The buildings aren’t without some deferred maintenance — Feldman plans to invest at least $2 million to upgrade systems and add amenities at Castille, according to its website.

Looking beyond its immediate horizon wasn’t the only significant departure Feldman took from its norm in buying Castille at Carillon, though.

To finance the purchase, Feldman turned to a relatively new crowdfunding technique through the web-based platform CrowdStreet Marketplace.

CrowdStreet allows smaller, individual investors that are vetted by the platform to buy into individual commercial real estate assets, in the same way that stock indexes have allowed individual investors to buy portfolios of properties through publicly traded real estate investment trusts.

But the idea of eschewing banks, private equity or other lenders remains a new idea, and one that took Feldman time to embrace.

“When I first heard about it, I thought there is no way in hell I am getting involved in that. It seemed flaky,” Feldman says of CrowdStreet. “But as I studied it, I came to realize that it’s really no different than the way the old Sears catalog morphed into Amazon.com. It’s the same concept of finance.

“With CrowdStreet, all the investors are accredited and their net worth is checked, and they have to sign a private placement document that gets filed with the (U.S. Securities & Exchange Commission. Institutional lenders tend to run hot and cold; but with the public at large, there’s an almost infinite number of investors and amounts that can be raised. What’s more, the terms are a little bit better for us and for them.”

CrowdStreet extracted a 1.8% fee for its services in the Castille transaction, Feldman says.

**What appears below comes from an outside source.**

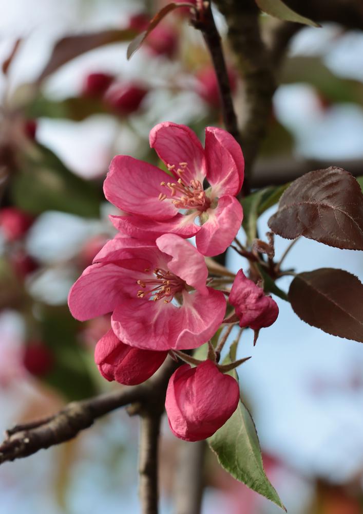Näyttävä purppuraomenapuu upealla vaaleanpunaisella kukinnalla ja tummalla lehdistöllä – todellinen katseenvangitsija pihaan.

Investors could reap an internal rate of return of roughly 9% from operations if certain benchmarks are met.

Feldman adds that he expects the “disintermediation” of commercial real estate to continue as platforms such as CrowdStreet gain traction.

“It’s as efficient as an (initial public offering) of stock,” he says of the online platform. It’s simply a way to market direct to the investment community.”

But while the financing may be unorthodox, Feldman and others say the underlying real estate is solid.

John Gerlach, an executive managing director of investment services at commercial real estate brokerage Colliers International Tampa Bay, says Castille at Carillon is a “high-quality, Class A property with credible tenants positioned in one of the best locations in the Tampa Bay area.”

Gerlach, together with Mackenzie Gerlach, Jake Gerlach and Lori Hellstrom — all of Colliers International — represented the GE Capital affiliate in the transaction.

Feldman, not surprisingly, concurs.

“This is institutional-grade real estate,” he says. “The proof is in the caliber of the tenants there — front-office tenants in a traditionally back-office submarket. I think Gateway will emerge to St. Petersburg what Westshore is to Tampa. It’s 10 minutes from downtown St. Petersburg and just 25 minutes from downtown Tampa.”